为什么INNER JOIN不等于（！=）永远挂起 [英] Why INNER JOIN not equal (!=) hang forever

问题描述

当我执行以下查询：

  SELECT * FROM`table1`
 INNER JOIN table2 ON table2。 number = table1.number 
  

我在2秒内得到结果。在 table2 中有大约600万条记录，中有100万条记录table1

table2.number 和 table1.number 已编入索引。

现在我想得到一个不存在的数字列表。像这样：

  SELECT * FROM`table1` 
 INNER JOIN table2 ON table2.number！= table1.number 
  

它永远还在悬挂..如何解决？

INNER JOIN 返回中的1,000,000行的75％table1 。第二个查询不会返回25万其他行，如你所想。相反，它尝试创建一个笛卡尔积，并删除750,000个匹配行。因此，它试图返回6,000,000次; 1,000,000-750,000行。这是一个膨胀的6× 10 ¹² 行结果集。

您可能想要这样：

  SELECT * FROM table1 
 LEFT JOIN table2 ON table2.number = table1.number 
 WHERE table2.number IS NULL 
  

这会返回 table2中不存在的行 table1 code>。

您可能也会对 FULL OUTER JOIN 感兴趣：

SELECT * FROM table1
FULL OUTER JOIN table2 ON table2.number = table1.number
WHERE table1.number IS NULL AND table2 .nu​​mber IS NULL


这将返回两个表中在其他表上没有匹配项的行。

When I execute the following query:

SELECT * FROM `table1` 
 INNER JOIN table2 ON table2.number = table1.number

I get the result within 2 seconds. There are about 6 millions records in table2 and 1 million records in table1

table2.number and table1.number are indexed.

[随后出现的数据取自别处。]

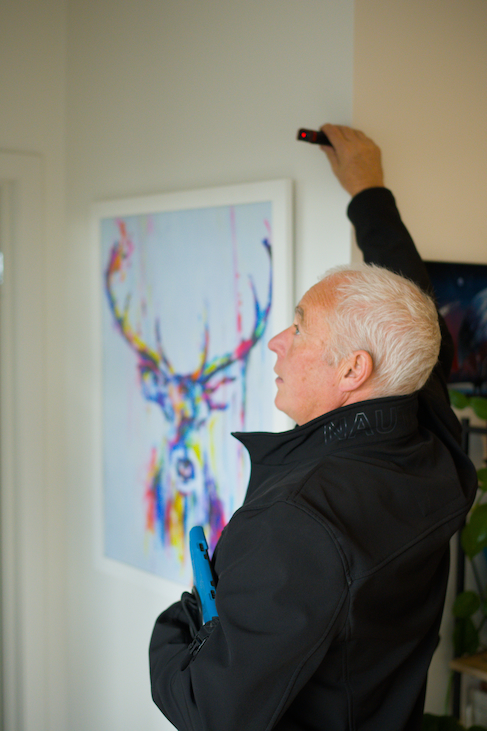 The first step of the energy assessment is measuring, and lots of it. Johnson uses a laser measure to take detailed measurements of floor area, ceiling heights and windows in the apartment.
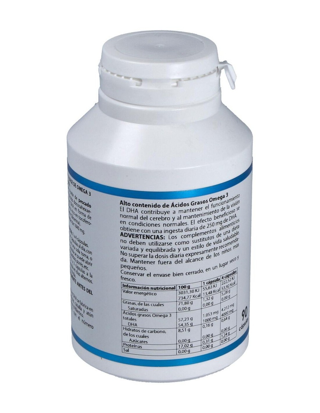Complemento alimenticio a base de omega-3 DHA. El ácido docosahexaenoico (DHA) contribuye a mantener el funcionamiento normal del cerebro y al mantenimiento de la visión en condiciones normales. El efecto beneficioso se obtiene con una ingesta diaria de 250 mg de DHA.

Now I want to get a list of numbers that not exist. Like this:

SELECT * FROM `table1` 
 INNER JOIN table2 ON table2.number != table1.number

It take forever and still hanging.. How to fix?

解决方案

Let's say your first INNER JOIN returns 75% of the 1,000,000 rows in table1. The second query does not return the 250,000 other rows as you think. Instead, it attempts to create a Cartesian product and remove the 750,000 matching rows. Thus it's trying to return 6,000,000×1,000,000-750,000 rows. That's a bulging 6×10¹² row result set.

You probably want this:

SELECT * FROM table1
LEFT JOIN table2 ON table2.number = table1.number
WHERE table2.number IS NULL

This returns rows in table1 not present in table2.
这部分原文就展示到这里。